Thursday, July 12, 2012

Vanity Fair article: a big hit for tax justice

From the Treasure Islands blog:

I have been astonished at the reaction in the United States to my Vanity Fair article on Mitt Romney's offshore investments. It's generating headlines like this:

Vanity Fair's Brutal Offshore Banking Piece Just Sank Mitt's Candidacy

which is surely over the top, but it does reflect (the extreme end of) a fair few opinion pieces out there. We have Obama's campaign spokesman Ben LaBolt saying:

"Vanity Fair's raising important questions about Romney's offshore accounts in foreign tax havens"

and I'm told that Obama has personally taken quite an interest in my article. I should also credit the Associated Press, which followed up with a more detailed piece about that strange Sankaty entity I describe in my article. There's the New York Times top op-ed yesterday entitled Mitt Romney's Financial Black Hole, which credits my story, and Paul Krugman doing much the same thing:

"there’s a lot of buzz about an investigative report in the magazine Vanity Fair highlighting the “gray areas” in the younger Romney’s finances.

There are also plenty of articles like this, and even a Fox News opinion piece linking to my article and entitled

If Romney vetted himself, his tax returns would KO shot at White House

Well, this is whole more attention than I could have dreamed of. And it's the kind of attention that I think, based on the issues I've been exploring and the opinions I've formed about tax and tax havens, is going to be helpful in the long run. I hope so, at any rate. I particularly like this more thoughtful piece on the New Yorker site, entitled

Tax Wars: Will Romney's Offshore Accounts Save the Progressive Principle?

It went on to discuss all the kerfuffle about the offshore investments and continued:

President Obama himself appeared at the White House and practically dared Romney to oppose his plan for the Bush tax cuts: extending the cuts for all households with an income below two hundred and fifty thousand dollars, while allowing Bush’s giveaways to those earning more than that to expire at the end of this year. “We don’t need any more trickle-down economics,” Obama said. “We need policies that grow and strengthen the middle class.”

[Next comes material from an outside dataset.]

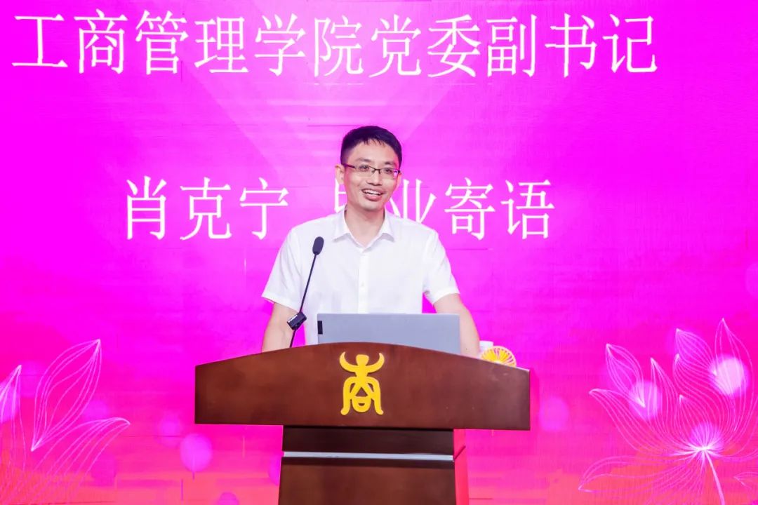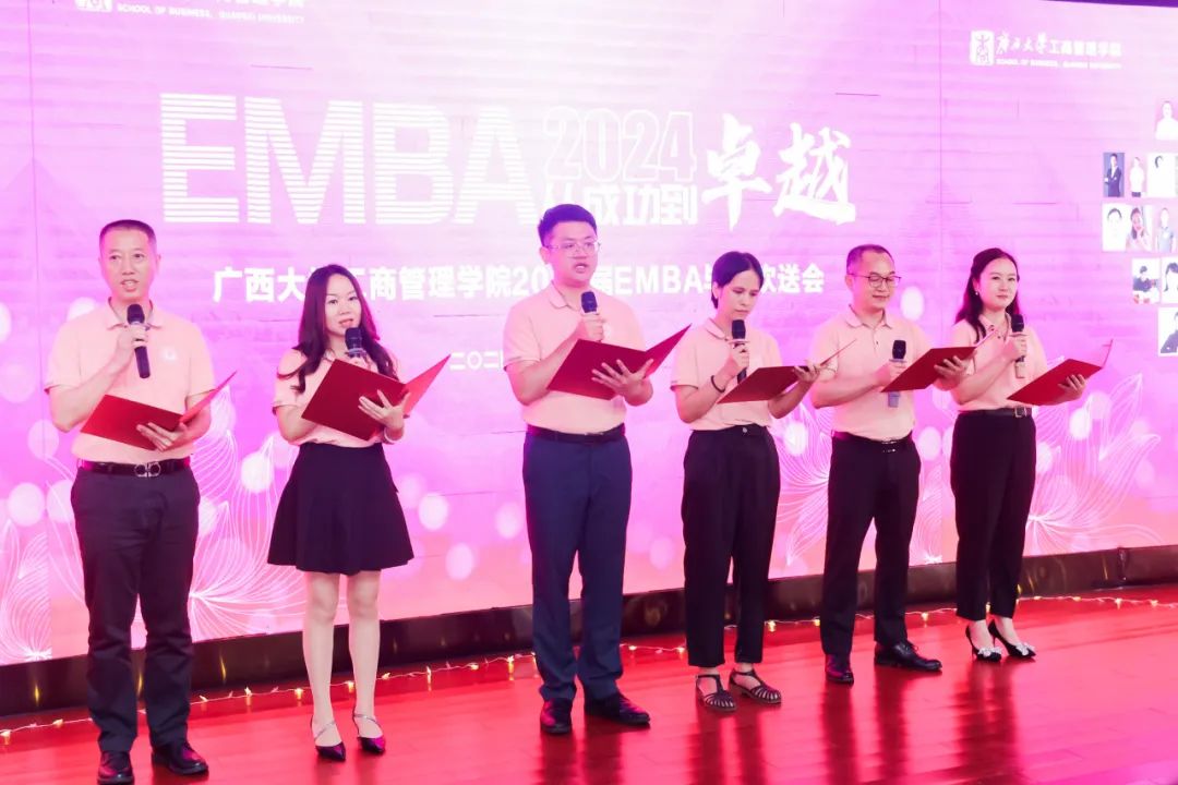 肖克宁副书记,申韬副经理、廖东红副经理也分别向EMBA毕业生寄语,期望大家创造更辉煌的成就,为社会贡献更多的力量。导师代表唐玉生、覃朝勇,EMBA教育中心主任宁雪莲、EMBA班主任代表黄子芸、邓丹表达了对同学们深深的情感与不舍。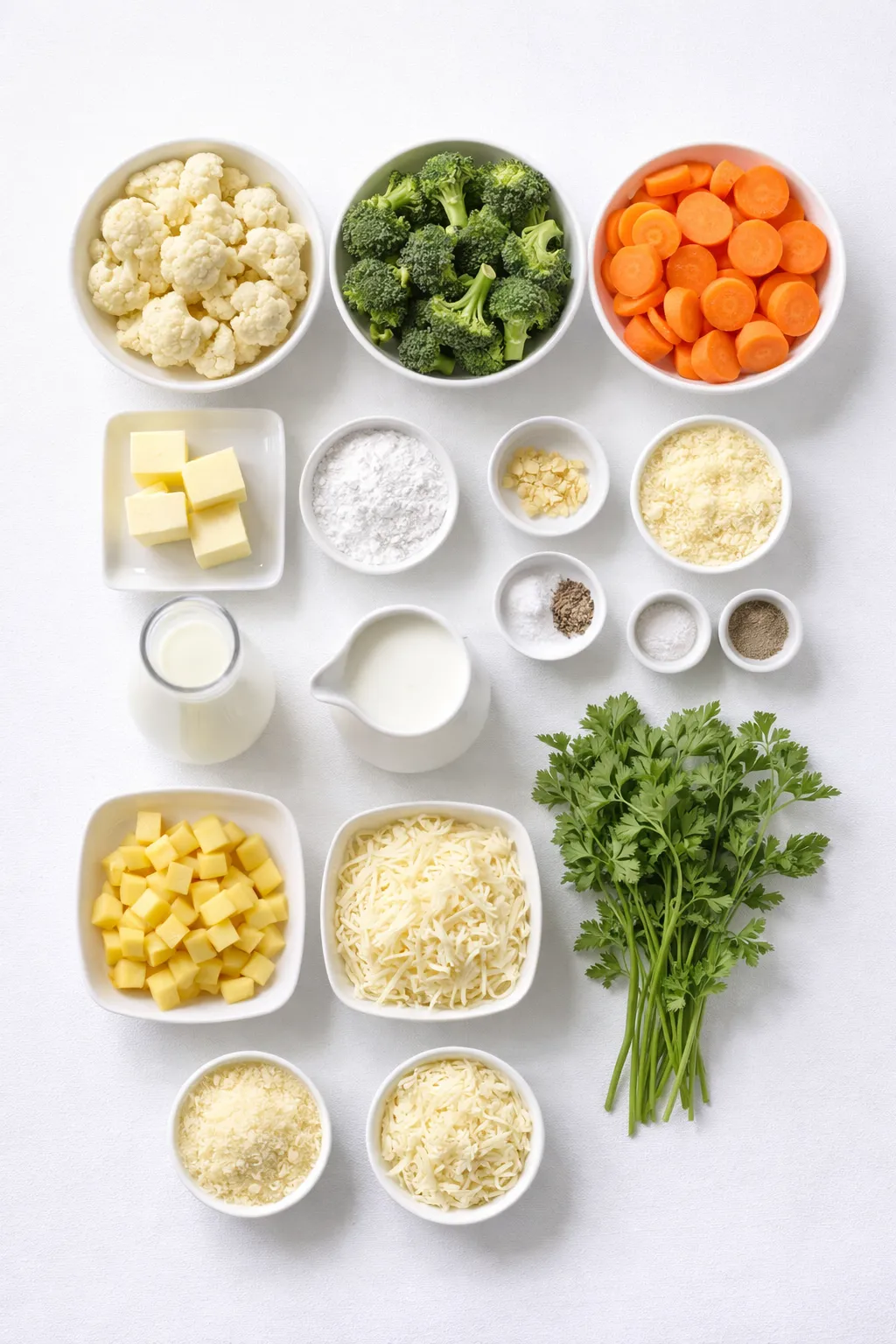 Root vegetables and hearty greens shine in winter casseroles. For this version, broccoli, cauliflower, carrots, and Yukon gold potatoes bring the perfect balance of color, flavor, and bite. You can also experiment with parsnips, turnips, or Brussels sprouts if you like more variety.

and followed it, a little further down the article, with this:

"Behind the theatrics, two important and opposing principles are at stake: the principle that rich people should pay substantially more of their income in taxes, which underpinned American politics for almost a century; and the principle that a politician who endorses a tax increase of any kind is inviting certain defeat, which has dominated politics in Washington for much of the past decade. Obama is endeavoring to give new life to the first principle and overturn the second. If he succeeds, there will be a great irony—Romney and his byzantine personal finances will have played a significant role in saving the progressive-tax system.
. . .
The Obama campaign . . . is rolling out a political strategy designed to make a debate about taxes that is potentially hazardous to Democrats into a much more favorable debate about just how rich and out-of-touch Mitt Romney is"

Well, if this has helped unlock some changes in this direction, as seems the case, I think that would be a good thing. If it gets more people -- either through reading Treasure Islands, or otherwise -- to take a deeper interest in tax havens, and finally to see and understand how malevolent and enormous the offshore system has grown to become, then that will be a fantastic thing.

And I have done a lot of interviews recently, including with MSNBC (two of them), CNN (two of them), Brian Lehrer, and my personal favourite, a long discussion about tax havens on Philly NPR with Leslie Wayne of the New York Times, who just wrote a really good article about Delaware. Not all of these interviews have appeared yet, and there are more to come; I will put some links up when I get some breathing space.

TJN: Vanity Fair commissioned this article as a result of reading Treasure Islands, which in turn was very much the product of the funding and support provided by the Joseph Rowntree Charitable Trust and TJN, and of course many others. We're very pleased about these (hitherto unexpected) developments.